For end users, the main danger until now, is based on JavaScript code, executed in browsers via malicious websites. Some browser vendors are already providing countermeasures via updates, e.g. Firefox advisory.

The major risk, however concern SaaS/cloud providers, particularly in a shared-hosting environment, where a malicious customer could potentially get access to (sensitive) information or any other customer data hosted on the same hardware, bypassing software containers (e.g. Docker, Xen) and virtual machines (e.g. VMware, HyperV).

Further more, what makes these vulnerabilities most notable from a risk assessment point of view is the breadth of exposure. Since these potentially affect nearly device with a modern processor, that means that full mitigation and remediation may not be possible. Older systems (like Windows XP) and devices (like unmaintained or end-of-life Android smartphones and IoT devices) will likely never receive fixes for these vulnerabilities.

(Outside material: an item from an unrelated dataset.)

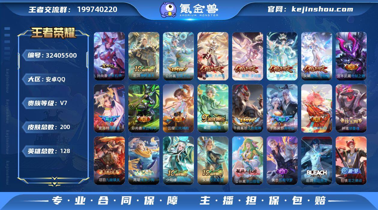 苹果Q-V6-最强王者段位-113英雄-100皮肤-1无双-10传说-29史诗 QW26308 【无双皮肤】:李白碎月剑心 【传说皮肤】:云缨神骥越千峰,花木兰异界灵契,后羿神树通天,澜愿照九州拓,虞姬愿照岁时盈,云缨幻光神枪,露娜霜月吟,夏洛特浮生妄,花木兰冠军飞将,宫本武藏地狱之眼 【限定皮肤】:蒙犽顽岩魄,姜子牙天穹之誓,狄仁杰阴阳师,赵云皇家上将,孙尚香蔷薇恋人,狄仁杰魔术师,项羽海滩派对,百里玄策原初追逐者,夏洛特浮生妄,鬼谷子天穹祈灯,李白碎月剑心,沈梦溪龙舞盛年,刘邦剑破天穹,程咬金群星魔术团,周瑜熔金海岸 【年限皮肤】:澜愿照九州拓,虞姬愿照岁时盈 【赛季限定】:鬼谷子天穹祈灯,刘邦剑破天穹,姜子牙天穹之誓,太乙真人谧流熔炉,钟馗虚灵犬护,甄姬逆浪荇歌,亚瑟荣光之誓,百里玄策原初追逐者 【战令限定】:孙膑茶境仙,马超访茗客,周瑜线条小狗 【史诗皮肤】:周瑜线条小狗,少司缘巫礼祀神,女娲万灵启世,后羿石田雨龙,狂铁龙之律动,阿轲化蝶舞,狄仁杰绮世丹青,赵怀真器灵浮梦炉,孙膑茶境仙,蒙犽顽岩魄,百里玄策原初追逐者,橘右京修罗,狄仁杰鹰眼统帅,阿轲节奏热浪,白起星夜王子,铠曙光守护者,亚瑟心灵战警,诸葛亮黄金分割率,兰陵王暗隐猎兽者,花木兰水晶猎龙者,李白千年之狐,妲己魅力维加斯,孙尚香水果甜心,孙尚香蔷薇恋人,宫本武藏鬼剑武藏,狄仁杰魔术师,王昭君偶像歌手,甄姬冰雪圆舞曲,赵云皇家上将,露娜紫霞仙子 【其他皮肤】:兰陵王雾影缉谜,曹操逐霄之志,艾琳鹤鸣心笺,亚瑟荣光之誓,甄姬逆浪荇歌,白起死霸装,露娜命运加冕,钟馗虚灵犬护,刘备浪漫序章,戈娅玫蓝誓约,明世隐景韶洛都,马超访茗客,太乙真人谧流熔炉,盘古敬我三分,周瑜熔金海岸,姜子牙天穹之誓,程咬金群星魔术团,刘邦剑破天穹,沈梦溪龙舞盛年,鬼谷子天穹祈...

Today, we are not aware of any successful attacks abusing these methods. Proof-of-concept exploits are available, however, real-life exploitation scenarios are not that easily executable.

Measures

The measures/actions to take are relatively simple and straightforward:

  • Users of shared-hosting (i.e. cloud) services should check with their service provider, to determine if, when and how security updates will be applied.
  • Administrators should:
    • Deploy security updates to all systems and devices as soon as they’re available.
    • Consider retiring systems and devices that cannot be updated.
    • Use comprehensive network and endpoint security (e.g. anti-virus, physical isolation of sensitive systems) that can help prevent attacks exploiting these vulnerabilities.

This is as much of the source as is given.